Ben Bankston ’25 helped with some of the logistical planning and coordination before and during the program. A veteran of other Outing Club offerings on campus, Bankston says this experience was a singular addition to his W&L experience.
“Throughout college, there have been moments where I’ve been challenged by my academics, relationships and extracurriculars, but few of those experiences have I ever really been scared. Rafting, climbing and surfing led me to feel a different kind of satisfaction when I paddled through, made it to the top or conquered the wave,” said Bankston, who will be moving to Atlanta in the fall to start a position as an associate consultant at Bain & Company. “I’m thankful for the OC Option because I was challenged and grew differently than any experience so far at W&L.”
Sam Moore ’25, an Outing Club trip leader and work-study staffer, initially planned to take a class this term until friends talked him into applying for the program.
“It felt like a victory lap, but with structure,” he said. “I’d never considered skydiving or really done any water sports. But I’ve learned to kayak, to stand-up paddleboard, to raft and gotten to know new people.”
Moore will be working at the Federal Reserve Bank of Chicago as a research assistant after graduation and says the lessons he will take with him from his time with the Outing Club weren’t just outdoor skills.
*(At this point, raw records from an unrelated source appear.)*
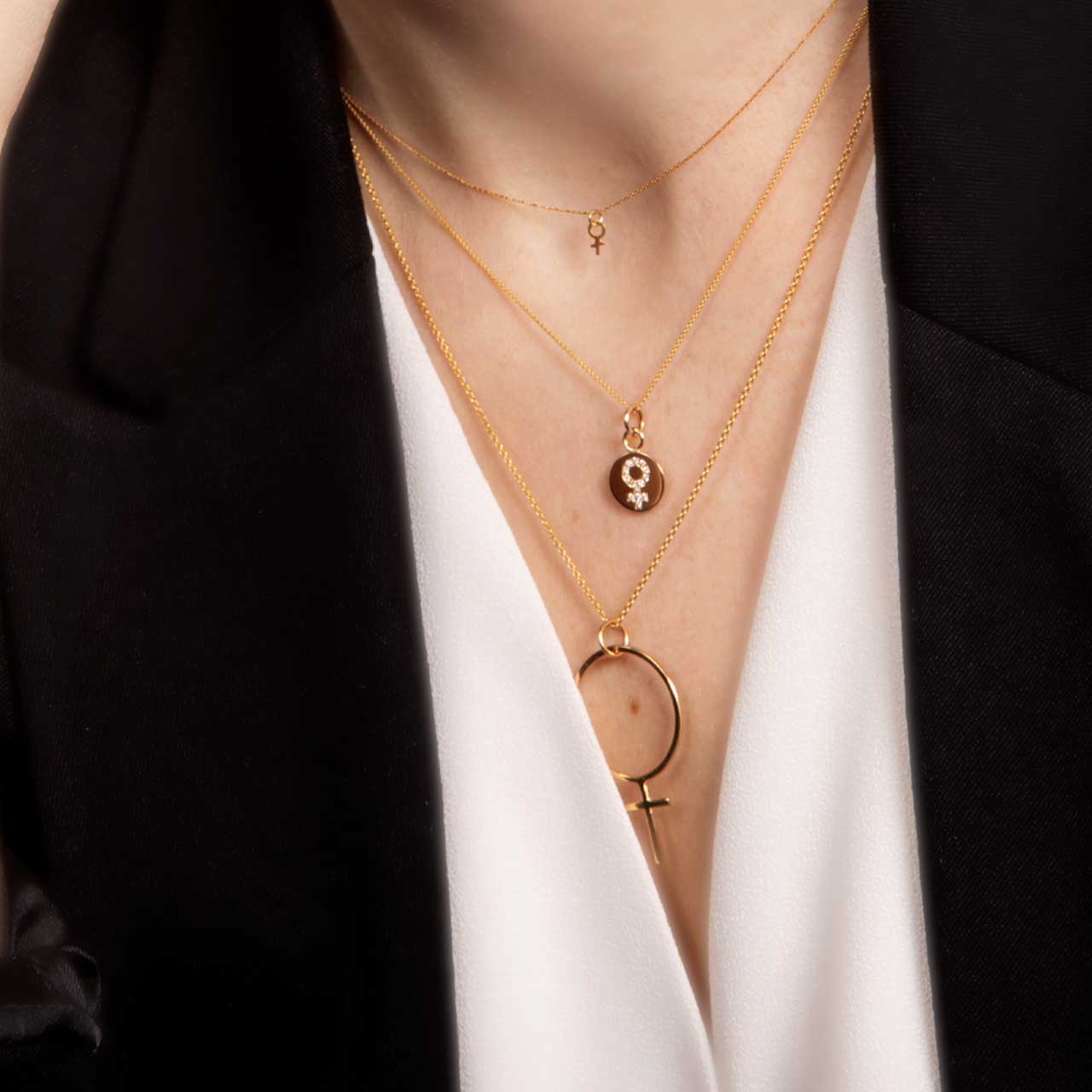 Handtillverkad stort feministhänge i 18k guld. Kvinnotecknets längd mäter ca 35mm. Säljs utan kedja, scrolla ner för att se guldkedjor som passar till. Hänget syns här tillsammans med 18k guldkedjan som är 1mm ø och 42cm lång.
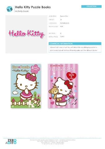 Hello Kitty Puzzle Books Activity book Zero a Oito 3+ Activity book N/A 2 7,99 € A book that is also a toy? Yes, with Hello Kitty everything is possible! In each book, kids will find five different puzzles and five different stories!
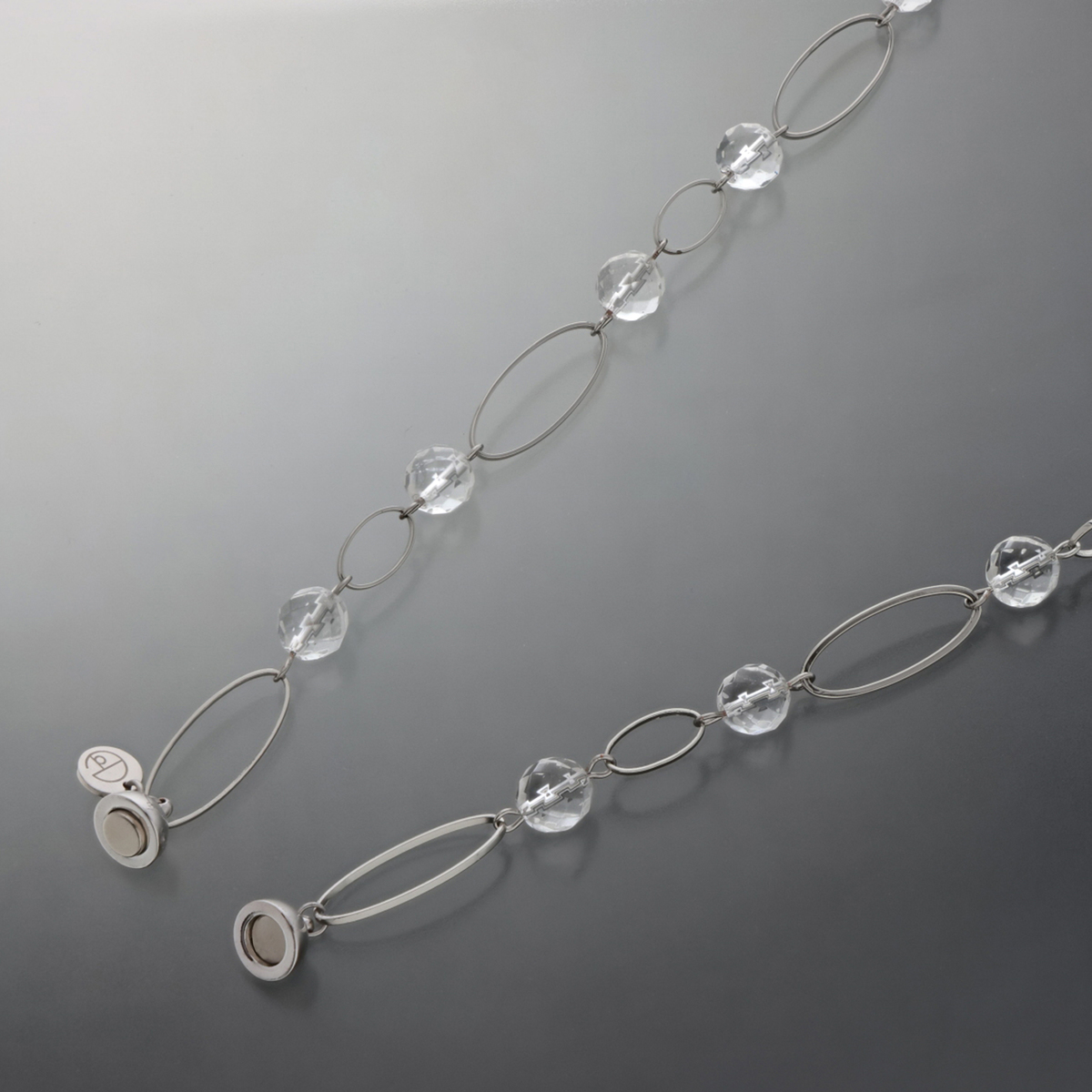マグネット式の留め具を採用し、着脱がスムーズ。おそろいのブレスレットとつなげてコンバーチブルとしても楽しめます
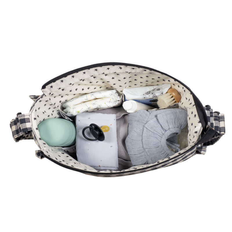 Bolsa canastilla Remy en cuadro vichy XL negro para silla de paseo. Incluye cambiador
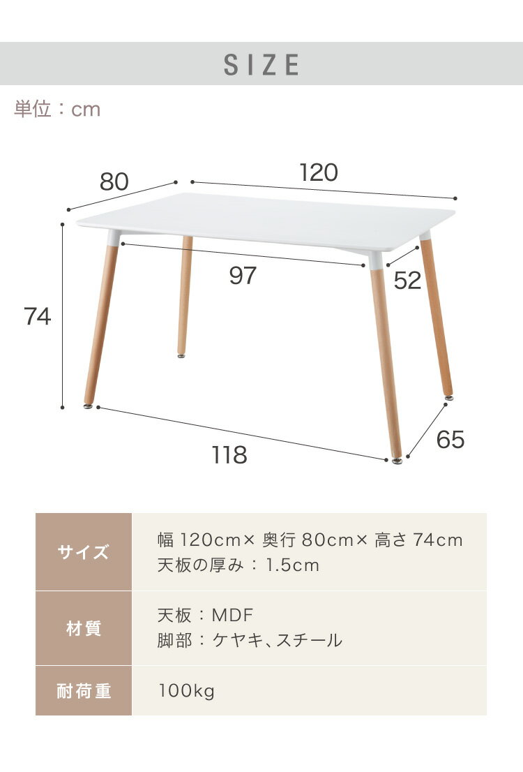 ■特長・天板と木脚の組み合わせがおしゃれなカフェテーブルです。・天板の耐荷重は100kgと、安心して使える設計です。・面取り加工がされているため、触り心地がなめらかです。・脚の先端にガタつきを抑えるアジャスター付き。■サイズ幅120cm×奥行80cm×高さ74cm■材質天板:MDF脚部:ケヤキ、スチール■重量15kg■耐荷重100kg※サイズには若干の差がございます。※商品の仕様は予告なく変更になる場合がございます。※商品の色味はモニターの機種や設定により実際の商品と異なる場合があります。予めご了承ください。※生産ロットにより、同じカラーでも多少の色差があることがございます。ご了承ください。【特長】テーブル、台、センターテーブル、カフェテーブル、ダイニングテーブル、リビングテーブル、ティーテーブル、テーブル、白系、ホワイト、おしゃれ、ナチュラル、作業台、作業デスク、パソコンデスク、1人暮らし、ひとり暮らし、シンプル、モダン、北欧、在宅ワーク、リモートワーク、ライティングデスク、スタイリッシュ、カフェ風【送料について】北海道、沖縄、離島は別途送料を頂きます。おすすめカフェテーブルカフェテーブル円形(60/80cm)一本足テーブル円形(60/80cm)一本足テーブル正方形(60/80cm)カフェテーブルシリーズカフェテーブル円形(60/80cm)一本足テーブル円形(60/80cm)一本足テーブル正方形(60/80cm)イームズテーブル円形(60cm)カフェテーブル正方形(60/80cm)カフェテーブル長方形(80×120cm)フラットクロスレッグ/十字脚 円形(60/80cm)
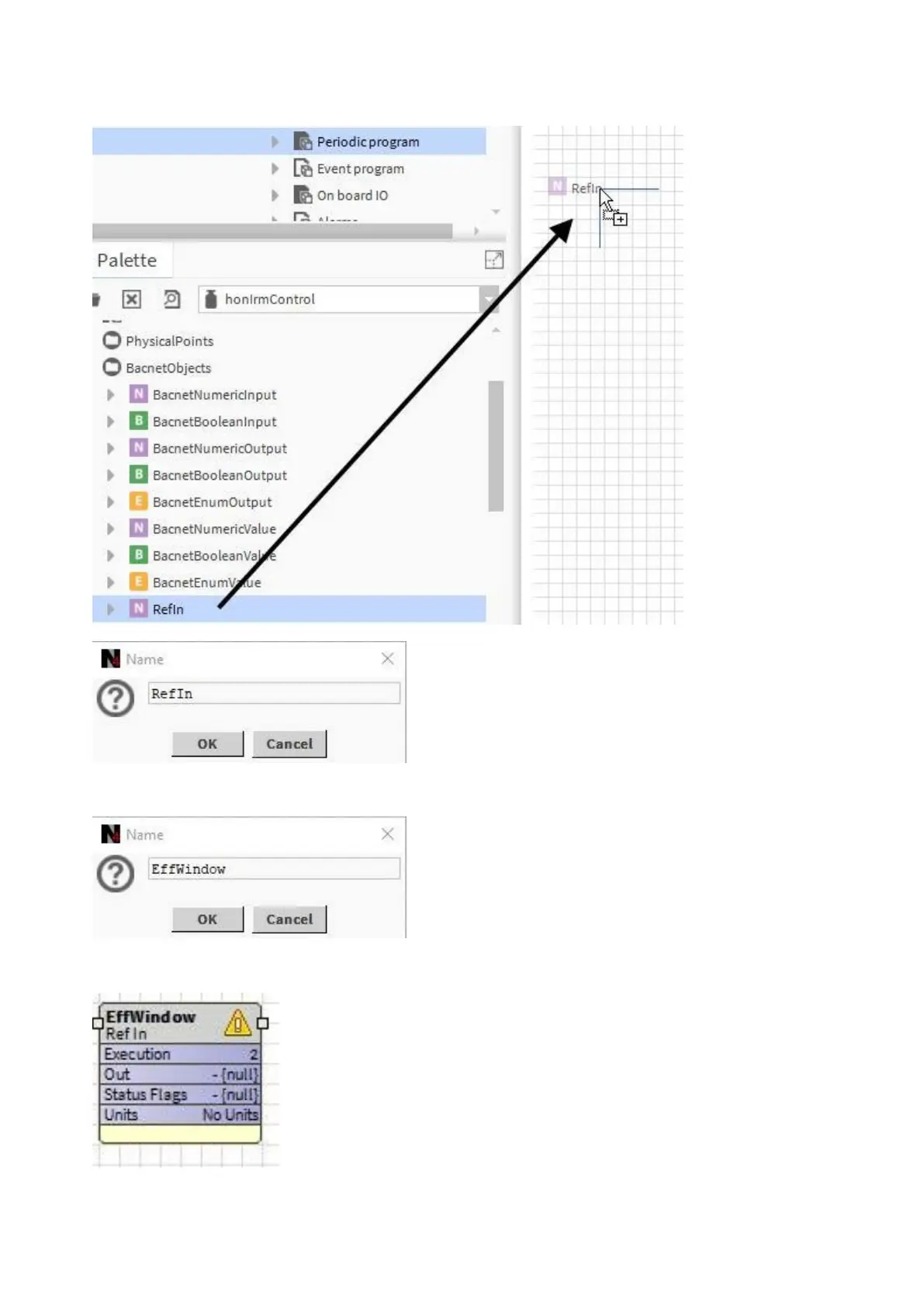 10. In the honIrmControl palette, expand BacnetObjects, and then drag & drop the RefIn BACnet object to the wire sheet.
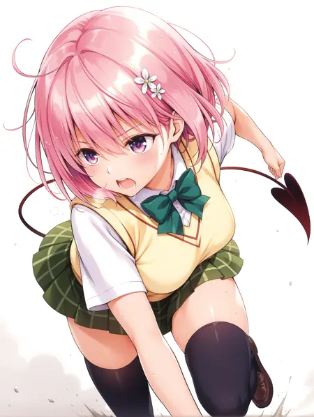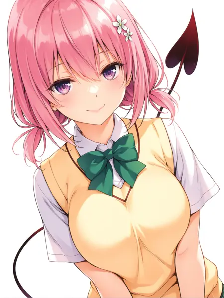 トリガーワード:momo, pink hair, purple eyes, short hair, white flower hair ornament, demon tail
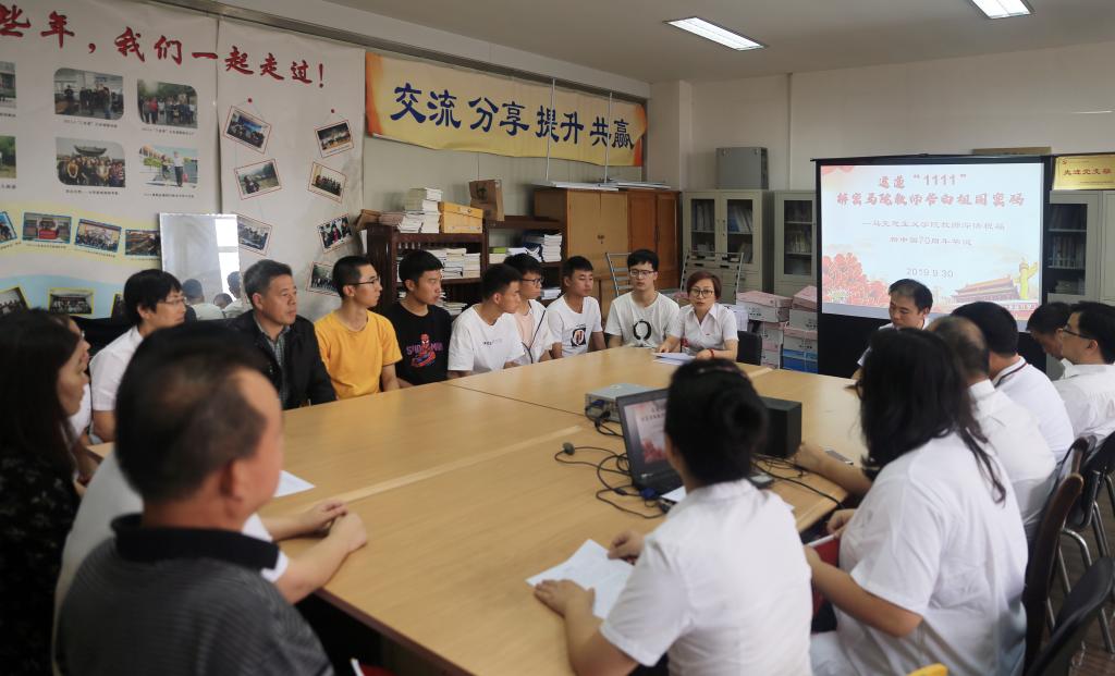 9月30日下午,在新中国即将迎来70华诞之际,马克思主义学院紧密结合学院党委正在开展的“不忘初心、牢记使命”专题教育,以“四个一”为主线,组织全体教师和部分学生代表合唱一首国歌、宣讲一节思政微课、观看一部献礼巨片、推送一句承诺祝福,以一场别开生面的纪念活动为伟大祖国送上了一份特殊的生日祝福。活动由马克思主义学院院长王金辉主持。
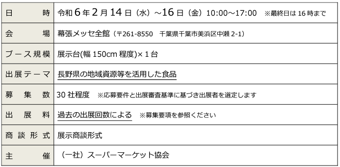 幕張メッセで開催される商談展示会の長野県パビリオンに出展する事業者を募集する。会場で は県内食品加工企業等の販路拡大と県産品の消費拡大を図るため、出展事業者と小売業及び卸商 社等との商談を支援する。
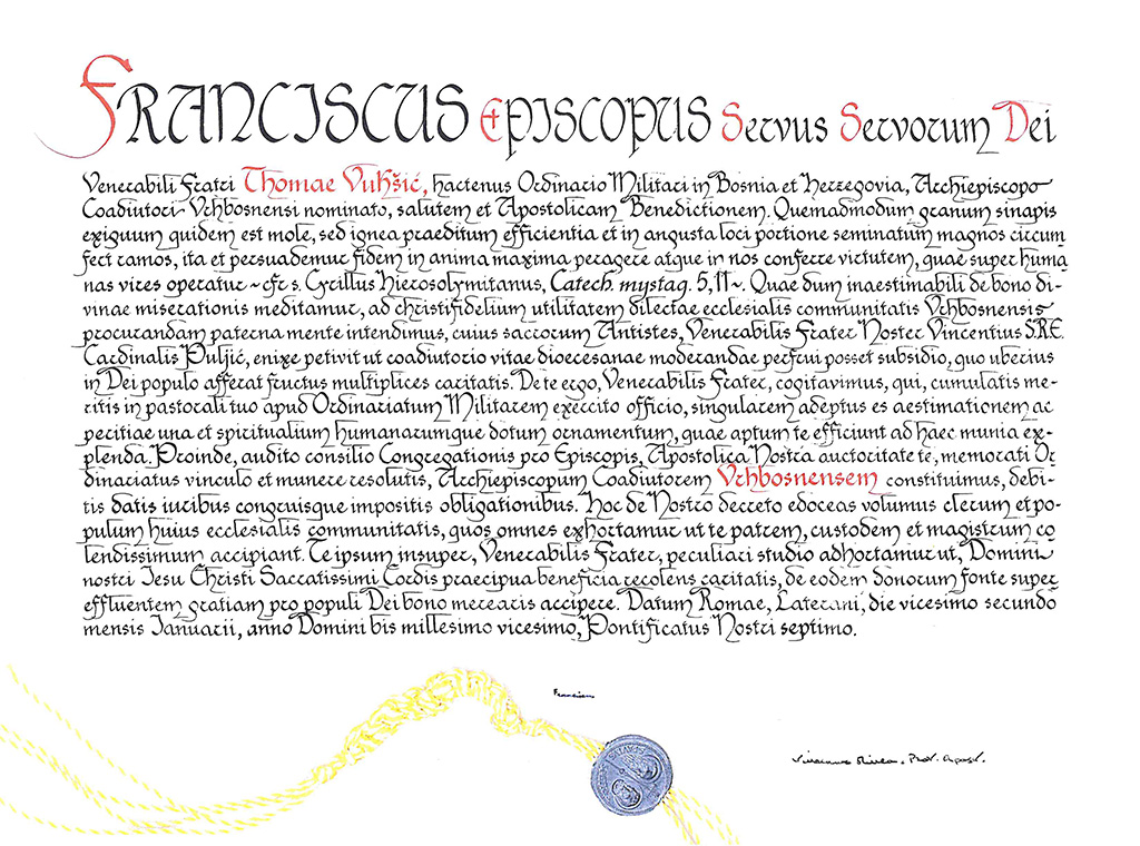 Bula imenovanja mons. Tome Vukšića vrhbosanskim nadbiskupom koadjutorom
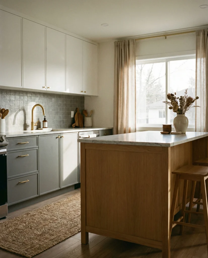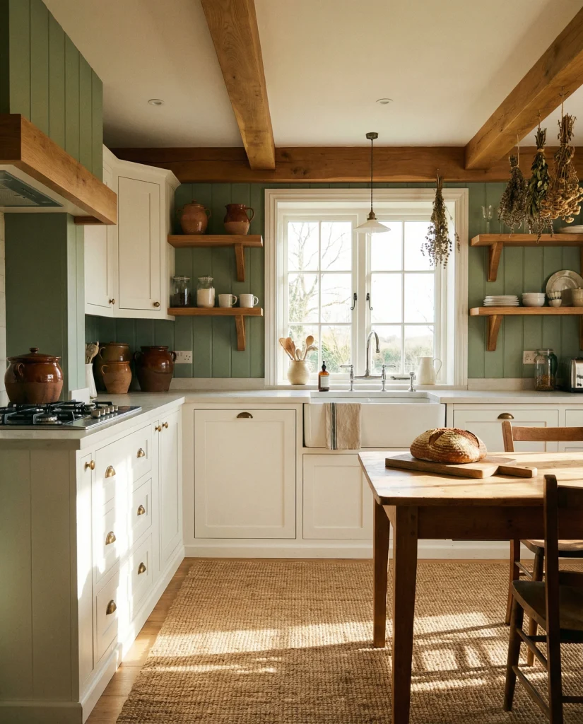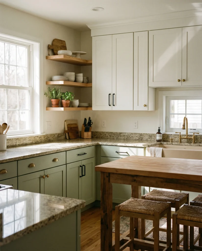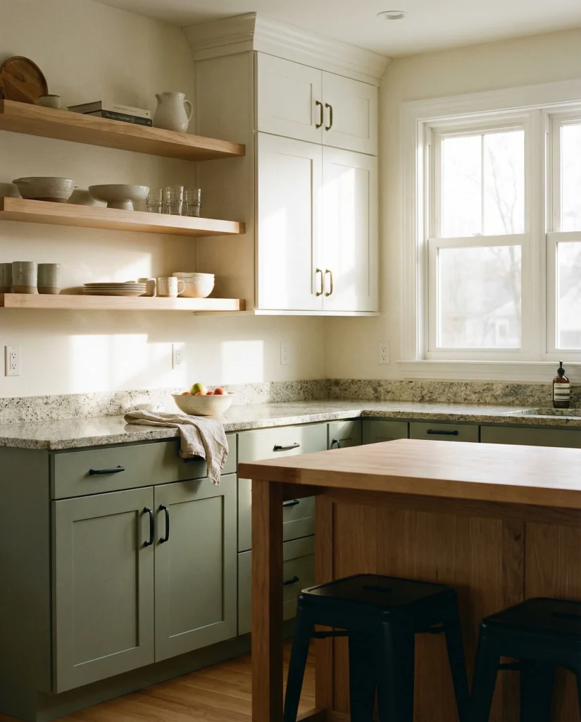 The color green beside white cabinets is surely one of the highlights of 2026. Green gives the area some oomph; white makes it light and airy. Blacks or golds on the hardware, or anything with an earthy feel like granite or a wooden butcher block, work well in this pairing. I helped a friend pick a soft, sagey shade that read a little more muted for the lower cabinets with white uppers, and—heck—the change was like a bit of a transformation: poof! You just want to hang out in the kitchen.
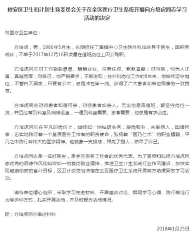 裕安区卫计委一则《关于在全区医疗卫生系统开展向方培虎同志学习活动的决定》引发热议。图片来源:人民日报客户端

“The Outing Club has been the single-most valuable thing I’ve done here outside of my coursework,” he said. “It changed my experience.”
The program was subsidized through a mix of generous alumni donations and an anonymous gift that also helped fund a new Outing Club Fellow position this academic year, a position Dick says he plans to continue staffing to support this and other Outing Club programs in future years. Dick says financial support from alumni allowed students to participate for a reasonable cost and for the group to be able to experiment with a formula he hopes to replicate in future Spring Terms.
“During the application process, we asked students to tell us how they plan to help shape the Outing Club for future generations,” Dick said. “That’s the hook. It’s about doing something you’ll remember and taking that spirit with you.”
Ullmann says the pilot program’s success lies not just in the thrill but in the potential for transformation it offers.
“If I could tell future students one thing,” said Ullmann, “it’s this: Apply. Take the risk. You don’t get that many chances to just do something amazing with a group of people and call it school.”